● Exercise requirements
Using the material that follows, output exactly the lines from the one containing "Figure 2. Instagram" through the one containing "SECTION FF - VIEW 2", with both ends kept.

● Working data
[Start of section]
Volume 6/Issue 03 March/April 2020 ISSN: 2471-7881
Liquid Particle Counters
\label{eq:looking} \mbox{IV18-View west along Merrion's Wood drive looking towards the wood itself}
[End of section]
[Start of section]
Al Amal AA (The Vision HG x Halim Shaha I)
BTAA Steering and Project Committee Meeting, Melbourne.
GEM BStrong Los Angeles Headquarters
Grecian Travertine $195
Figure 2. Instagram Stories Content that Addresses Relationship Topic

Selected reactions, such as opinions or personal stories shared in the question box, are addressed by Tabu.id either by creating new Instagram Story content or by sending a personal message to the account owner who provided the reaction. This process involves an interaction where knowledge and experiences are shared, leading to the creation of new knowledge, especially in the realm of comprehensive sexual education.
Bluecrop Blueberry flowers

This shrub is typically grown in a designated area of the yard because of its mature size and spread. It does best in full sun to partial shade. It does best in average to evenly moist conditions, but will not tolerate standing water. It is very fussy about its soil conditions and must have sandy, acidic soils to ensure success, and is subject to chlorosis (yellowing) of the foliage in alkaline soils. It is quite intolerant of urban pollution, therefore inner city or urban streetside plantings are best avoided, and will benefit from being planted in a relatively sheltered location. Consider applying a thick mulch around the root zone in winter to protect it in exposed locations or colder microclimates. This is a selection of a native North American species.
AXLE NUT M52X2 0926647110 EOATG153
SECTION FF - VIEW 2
[End of section]
[Start of section]
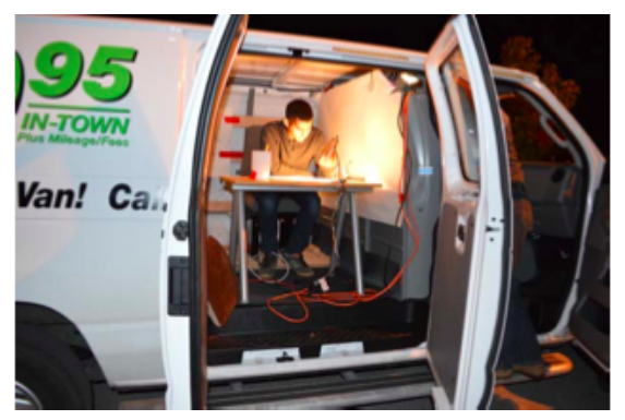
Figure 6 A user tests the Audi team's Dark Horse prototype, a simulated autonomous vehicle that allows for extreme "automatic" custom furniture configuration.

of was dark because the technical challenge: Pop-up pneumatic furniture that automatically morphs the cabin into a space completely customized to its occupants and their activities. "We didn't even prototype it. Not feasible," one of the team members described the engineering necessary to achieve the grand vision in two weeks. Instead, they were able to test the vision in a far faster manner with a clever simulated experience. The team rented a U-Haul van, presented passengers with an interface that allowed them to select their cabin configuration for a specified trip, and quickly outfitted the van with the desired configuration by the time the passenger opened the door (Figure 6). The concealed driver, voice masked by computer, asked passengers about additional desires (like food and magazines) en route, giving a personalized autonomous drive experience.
[End of section]
● Task answer
Figure 2. Instagram Stories Content that Addresses Relationship Topic

Selected reactions, such as opinions or personal stories shared in the question box, are addressed by Tabu.id either by creating new Instagram Story content or by sending a personal message to the account owner who provided the reaction. This process involves an interaction where knowledge and experiences are shared, leading to the creation of new knowledge, especially in the realm of comprehensive sexual education.
Bluecrop Blueberry flowers

This shrub is typically grown in a designated area of the yard because of its mature size and spread. It does best in full sun to partial shade. It does best in average to evenly moist conditions, but will not tolerate standing water. It is very fussy about its soil conditions and must have sandy, acidic soils to ensure success, and is subject to chlorosis (yellowing) of the foliage in alkaline soils. It is quite intolerant of urban pollution, therefore inner city or urban streetside plantings are best avoided, and will benefit from being planted in a relatively sheltered location. Consider applying a thick mulch around the root zone in winter to protect it in exposed locations or colder microclimates. This is a selection of a native North American species.
AXLE NUT M52X2 0926647110 EOATG153
SECTION FF - VIEW 2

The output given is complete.